━━━ Information provided
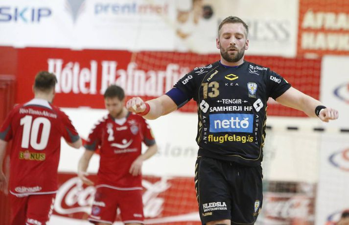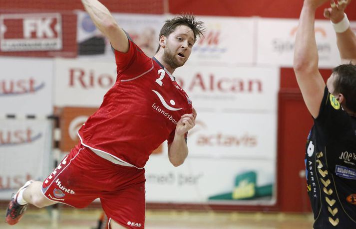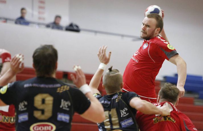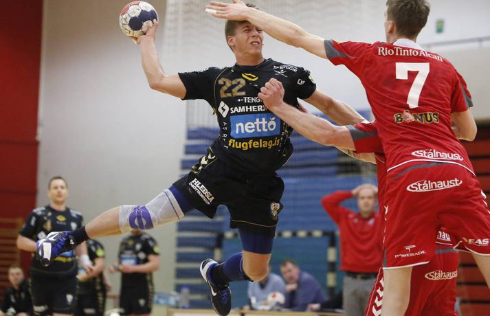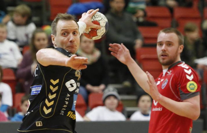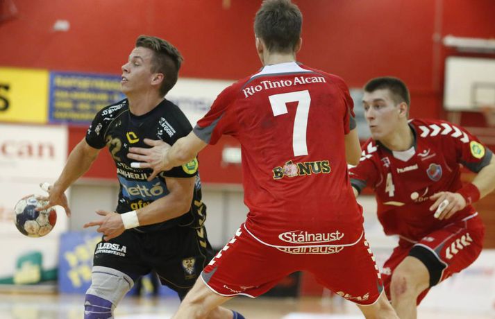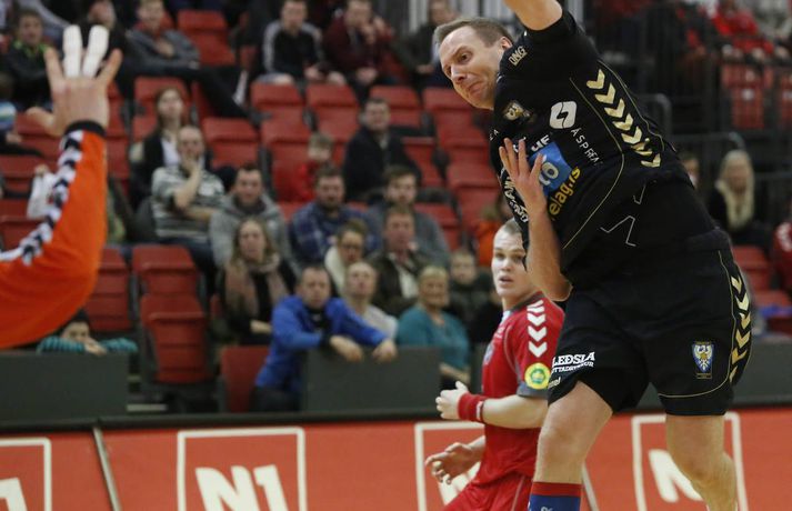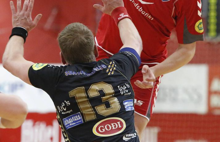 Umfjöllun, viðtöl og myndir: Haukar - Akureyri 26-20 | Auðvelt hjá toppliðinu Anton Ingi Leifsson á Ásvöllum skrifar 6. febrúar 2014 16:58 Sigurbergur lúðrar á markið í kvöld. vísir/valli Haukar styrktu stöðu sína á toppnum í kvöld þegar þeir sigruðu Akureyri 26-20. Giedrius Morkunas og varnarleikur Hauka voru lykillinn að því. Leikurinn var þó ekki mikið fyrir augað. Leikurinn var vel jafn í rúmar tuttugu og fimm mínútur í fyrri hálfleik. Liðin skiptust á að skora og bæði lið léku fínan varnarleik þó gestirnir hefðu þurft að hafa meira fyrir hverju marki ef svo mætti að orði komast. Þeir opnuðu þó vörn Hauka ágætlega oft á tíðum. Undir lok fyrri hálfleiks gáfu þó heimamenn í og breyttu stöðunni úr 8-8 í 12-9, þar af tvö hraðaupphlaupsmörk frá Árna Stein Steinþórssyni. Staðan 12-9 í hálfleik. Fyrri hálfleik var ekki mikið fyrir augað eins og tölurnar gefa kannski til að kynna. Eftir 26 mínútur var staðan einungis 8-8 sem gefur til að kynna skemmtanagildið, sem var ekki mikið. Heimamenn byrjuðu síðari hálfleik af krafti og náðu sex marka forystu eftir rúmar fimm mínútur í síðari hálfleik. Gestirnir spiluðu sig oft í góð færi í síðari hálfleik, en Morkunas var þeim erfiður. Lokaði vel og örugglega á þá. Giedrius Morkunas var maður leiksins í kvöld. Morkunas varði vel og þá sérstaklega í fyrri hálfleik, en eins og fyrr segir spiluðu gestirnir sig oft í færi. Sigurbergur Sveinsson og Árni Steinn Steinþórsson voru bestir í sóknarleik heimamanna, en Sigurbergur tók sig nokkrar mínútur í að hitna aðeins. Í liði gestanna báru þeir Bjarni Fritzson og Kristján Orri liði uppi. Örvhentu mennirnir skoruðu alls fjórtán af tuttugu mörkum gestanna og þurfa fleiri að stíga upp ætli liði sér að vinna eins sterkt lið og Haukanna. Með sigrinum ná Haukarnir sjö stiga forystu á topnum, þangað til í kvöld að minnsta kosti. Akureyri er enn í sjöunda sæti með átta stig, fimm stigum fyrir ofan HK sem er í því neðsta.Patrekur: Þetta eru flottir strákar ,,Ég er mjög ánægður. Þetta var ekkert auðveldur leikur eins og sást í byrjun og Akureyringarnir mættu öflugir til leiks. Þetta var hörkuleikur sérstaklega fyrstu tuttugu og fimm mínúturnar. Það var gott að vera með þriggja marka forystu í hálfleik," sagði Patrekur strax að leik loknum. ,,Einnig var ég mjög ánægður hvernig við komum inn í síðari hálfleikinn og líka hvað við náðum að nota vel breiddina. Það er það sem þjálfarar eru ánægðir með, margir stóðu sig vel." Aðspurður hvort hann hafi verið óánægður með eitthvað sagði Patrekur: ,,Það er alltaf eitthvað slæmt, en miðað við leikinn á móti ÍR þar sem ég var virkilega óánægður með hvernig við komum inn var ég mjög ánægður með þetta. Númer eitt, tvö og þrjú er það að ég sjái að leikmenn eru klárir. Auðvitað koma alltaf mistök, það gerist í hverjum einasta leik." ,,Í heildina var þetta flottur sigur hjá strákunum og maður sá svona Hauka-hjartað. Þó ég hafi verið úti í Austurríki og á Evrópumótinu var ég í góðu sambandi við mína aðstoðarmenn og strákarnir voru að æfa rosalega vel. Við unnum rosalega mikið í líkamlega þættinum og auðvitað í handboltanum líka, það er það sem er ánægjulegt. Það er orka og kraftur í strákunum. Þessi leikur er búinn og þá er það bara næsta verkefni." Haukarnir eru með sjö stiga forystu á toppnum. Er kampavínið komið í kælinn á Ásvöllum? ,,Nei, að byrja fagna snemma er það hættulegasta sem maður gerir. Við eigum að líta á okkur sjálfa og sjá hvað við getum bætt í okkar leik, alls ekki að fara á eitthvað flug. Þetta eru það flottir strákar, við höfum ekki byrjað að fagna hingað til og förum ekki að gera það núna." ,,Valsararnir eru með hörkulið og okkur hefur ekkert gengið alltof vel gegn þeim í vetur. Síðasti leikur gegn þeim fór jafntefli og þetta er önnur keppni, við þurfum að undirbúa okkur vel. Það er krefjandi verkefni, en við förum fullir sjálfstraust í það," sagði Patrekur að lokum, aðspurður út í KFUM-slaginn gegn Val í bikarnum á mánudag.Bjarni Fritzson: Mistökin dýr gegn svona góðu liði ,,Þetta var svona eins og seinasti leikur gegn Val. Við erum að spila rosalega vel á köflum, en svo koma bara slæm mistök þar sem við erum að tapa boltanum. Við fáum hraðaupphlaup í bakið og erum að skjóta illa á markmanninn," sagði Bjarni Fritzson, spilandi þjálfari Akureyrar, að leik loknum. ,,Á köflum erum við að standa þeim bara jafnfætis. Spila góða sókn og standa vörnina svona ágætlega. Hann varði örugglega fimm dauðafæri í fyrri hálfleik og það er ekki nógu gott. Við hefðum getað skorað þarna undir lok fyrri hálfleiks, en fáum í staðinn mark í bakið. Munurinn verður því þrjú mark í hálfleik í staðinn fyrir eitt." ,,Fyrri hálfleikurinn var bara jafn og við vorum bara góðir. Þessi mistök eru svo dýr gegn svona góðu liði, en þetta eru ungir strákar og ekkert óeðlilegt að þeir geri slík mistök." ,,Við vorum rosalega góðir á köflum í dag, en við gerðum það líka gegn Val í fyrri hálfleik í síðasta leik. Það er nátturlega ekkert gott að vera með svona mikið af opnunum, en að vera samt með markmann í tuttugu skotum. Það er jákvætt að við séum að ná opnunum, en við verðum að vera einbeittari í skotunum." Akureyri mætir FH næst í bikarnum. Bjarni er spenntur fyrir því að fá gömlu félagana í heimsókn: ,,Það er bara gaman og við erum bara ferskir. Okkur finnst gaman að fá FH í heimsókn, þeir eru með flott lið og það verður bara skemmtilegt verkefni," sagði Bjarni að lokum.vísir/vallivísir/valli Olís-deild karla Mest lesið Óskar Hrafn 
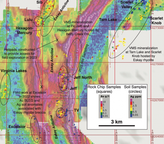 Figure 8: SkyTEM conductivity map of the central and southern Eskay anticline showing legacy rock chip Au concentrations (squares), and 2021-2022 soil sample Ag concentrations (circles). These data in combination with drilling along the TV-Jeff and the Eskay Creek-Sib-Hexagon-Mercury trends suggest that VMS systems occur within the Lower Hazelton Group along the length of the Eskay anticline. Soil sampling and prospecting at Excelsior in 2021-2022 show that Ag anomalism in soils and a Au BLEG anomaly is associated with Eskay rhyolite, suggesting VMS mineralization within the Upper Hazelton Group also extends well south of the Eskay Creek mine.
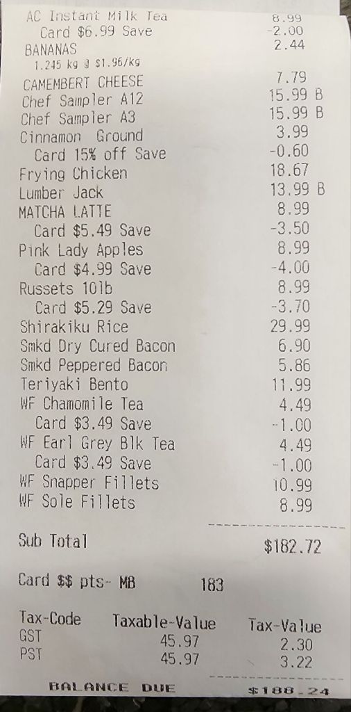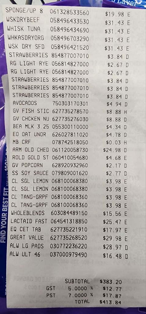 Going through the receipt from the top, there’s a package of paper towels that was marked down in price. Then there are four bags of dry kibble. Two for the inside cats, two for the outside cats. Feed store kibble is cheaper per kg, but this way they get variety, which is better for the cats.
━━━━━━
▸ **Task statement**
Would you output the data exactly, without any of its images?

▸ **Completed exercise**
 Umfjöllun, viðtöl og myndir: Haukar - Akureyri 26-20 | Auðvelt hjá toppliðinu Anton Ingi Leifsson á Ásvöllum skrifar 6. febrúar 2014 16:58 Sigurbergur lúðrar á markið í kvöld. vísir/valli Haukar styrktu stöðu sína á toppnum í kvöld þegar þeir sigruðu Akureyri 26-20. Giedrius Morkunas og varnarleikur Hauka voru lykillinn að því. Leikurinn var þó ekki mikið fyrir augað. Leikurinn var vel jafn í rúmar tuttugu og fimm mínútur í fyrri hálfleik. Liðin skiptust á að skora og bæði lið léku fínan varnarleik þó gestirnir hefðu þurft að hafa meira fyrir hverju marki ef svo mætti að orði komast. Þeir opnuðu þó vörn Hauka ágætlega oft á tíðum. Undir lok fyrri hálfleiks gáfu þó heimamenn í og breyttu stöðunni úr 8-8 í 12-9, þar af tvö hraðaupphlaupsmörk frá Árna Stein Steinþórssyni. Staðan 12-9 í hálfleik. Fyrri hálfleik var ekki mikið fyrir augað eins og tölurnar gefa kannski til að kynna. Eftir 26 mínútur var staðan einungis 8-8 sem gefur til að kynna skemmtanagildið, sem var ekki mikið. Heimamenn byrjuðu síðari hálfleik af krafti og náðu sex marka forystu eftir rúmar fimm mínútur í síðari hálfleik. Gestirnir spiluðu sig oft í góð færi í síðari hálfleik, en Morkunas var þeim erfiður. Lokaði vel og örugglega á þá. Giedrius Morkunas var maður leiksins í kvöld. Morkunas varði vel og þá sérstaklega í fyrri hálfleik, en eins og fyrr segir spiluðu gestirnir sig oft í færi. Sigurbergur Sveinsson og Árni Steinn Steinþórsson voru bestir í sóknarleik heimamanna, en Sigurbergur tók sig nokkrar mínútur í að hitna aðeins. Í liði gestanna báru þeir Bjarni Fritzson og Kristján Orri liði uppi. Örvhentu mennirnir skoruðu alls fjórtán af tuttugu mörkum gestanna og þurfa fleiri að stíga upp ætli liði sér að vinna eins sterkt lið og Haukanna. Með sigrinum ná Haukarnir sjö stiga forystu á topnum, þangað til í kvöld að minnsta kosti. Akureyri er enn í sjöunda sæti með átta stig, fimm stigum fyrir ofan HK sem er í því neðsta.Patrekur: Þetta eru flottir strákar ,,Ég er mjög ánægður. Þetta var ekkert auðveldur leikur eins og sást í byrjun og Akureyringarnir mættu öflugir til leiks. Þetta var hörkuleikur sérstaklega fyrstu tuttugu og fimm mínúturnar. Það var gott að vera með þriggja marka forystu í hálfleik," sagði Patrekur strax að leik loknum. ,,Einnig var ég mjög ánægður hvernig við komum inn í síðari hálfleikinn og líka hvað við náðum að nota vel breiddina. Það er það sem þjálfarar eru ánægðir með, margir stóðu sig vel." Aðspurður hvort hann hafi verið óánægður með eitthvað sagði Patrekur: ,,Það er alltaf eitthvað slæmt, en miðað við leikinn á móti ÍR þar sem ég var virkilega óánægður með hvernig við komum inn var ég mjög ánægður með þetta. Númer eitt, tvö og þrjú er það að ég sjái að leikmenn eru klárir. Auðvitað koma alltaf mistök, það gerist í hverjum einasta leik." ,,Í heildina var þetta flottur sigur hjá strákunum og maður sá svona Hauka-hjartað. Þó ég hafi verið úti í Austurríki og á Evrópumótinu var ég í góðu sambandi við mína aðstoðarmenn og strákarnir voru að æfa rosalega vel. Við unnum rosalega mikið í líkamlega þættinum og auðvitað í handboltanum líka, það er það sem er ánægjulegt. Það er orka og kraftur í strákunum. Þessi leikur er búinn og þá er það bara næsta verkefni." Haukarnir eru með sjö stiga forystu á toppnum. Er kampavínið komið í kælinn á Ásvöllum? ,,Nei, að byrja fagna snemma er það hættulegasta sem maður gerir. Við eigum að líta á okkur sjálfa og sjá hvað við getum bætt í okkar leik, alls ekki að fara á eitthvað flug. Þetta eru það flottir strákar, við höfum ekki byrjað að fagna hingað til og förum ekki að gera það núna." ,,Valsararnir eru með hörkulið og okkur hefur ekkert gengið alltof vel gegn þeim í vetur. Síðasti leikur gegn þeim fór jafntefli og þetta er önnur keppni, við þurfum að undirbúa okkur vel. Það er krefjandi verkefni, en við förum fullir sjálfstraust í það," sagði Patrekur að lokum, aðspurður út í KFUM-slaginn gegn Val í bikarnum á mánudag.Bjarni Fritzson: Mistökin dýr gegn svona góðu liði ,,Þetta var svona eins og seinasti leikur gegn Val. Við erum að spila rosalega vel á köflum, en svo koma bara slæm mistök þar sem við erum að tapa boltanum. Við fáum hraðaupphlaup í bakið og erum að skjóta illa á markmanninn," sagði Bjarni Fritzson, spilandi þjálfari Akureyrar, að leik loknum. ,,Á köflum erum við að standa þeim bara jafnfætis. Spila góða sókn og standa vörnina svona ágætlega. Hann varði örugglega fimm dauðafæri í fyrri hálfleik og það er ekki nógu gott. Við hefðum getað skorað þarna undir lok fyrri hálfleiks, en fáum í staðinn mark í bakið. Munurinn verður því þrjú mark í hálfleik í staðinn fyrir eitt." ,,Fyrri hálfleikurinn var bara jafn og við vorum bara góðir. Þessi mistök eru svo dýr gegn svona góðu liði, en þetta eru ungir strákar og ekkert óeðlilegt að þeir geri slík mistök." ,,Við vorum rosalega góðir á köflum í dag, en við gerðum það líka gegn Val í fyrri hálfleik í síðasta leik. Það er nátturlega ekkert gott að vera með svona mikið af opnunum, en að vera samt með markmann í tuttugu skotum. Það er jákvætt að við séum að ná opnunum, en við verðum að vera einbeittari í skotunum." Akureyri mætir FH næst í bikarnum. Bjarni er spenntur fyrir því að fá gömlu félagana í heimsókn: ,,Það er bara gaman og við erum bara ferskir. Okkur finnst gaman að fá FH í heimsókn, þeir eru með flott lið og það verður bara skemmtilegt verkefni," sagði Bjarni að lokum.vísir/vallivísir/valli Olís-deild karla Mest lesið Óskar Hrafn 
 Figure 8: SkyTEM conductivity map of the central and southern Eskay anticline showing legacy rock chip Au concentrations (squares), and 2021-2022 soil sample Ag concentrations (circles). These data in combination with drilling along the TV-Jeff and the Eskay Creek-Sib-Hexagon-Mercury trends suggest that VMS systems occur within the Lower Hazelton Group along the length of the Eskay anticline. Soil sampling and prospecting at Excelsior in 2021-2022 show that Ag anomalism in soils and a Au BLEG anomaly is associated with Eskay rhyolite, suggesting VMS mineralization within the Upper Hazelton Group also extends well south of the Eskay Creek mine.
 Going through the receipt from the top, there’s a package of paper towels that was marked down in price. Then there are four bags of dry kibble. Two for the inside cats, two for the outside cats. Feed store kibble is cheaper per kg, but this way they get variety, which is better for the cats.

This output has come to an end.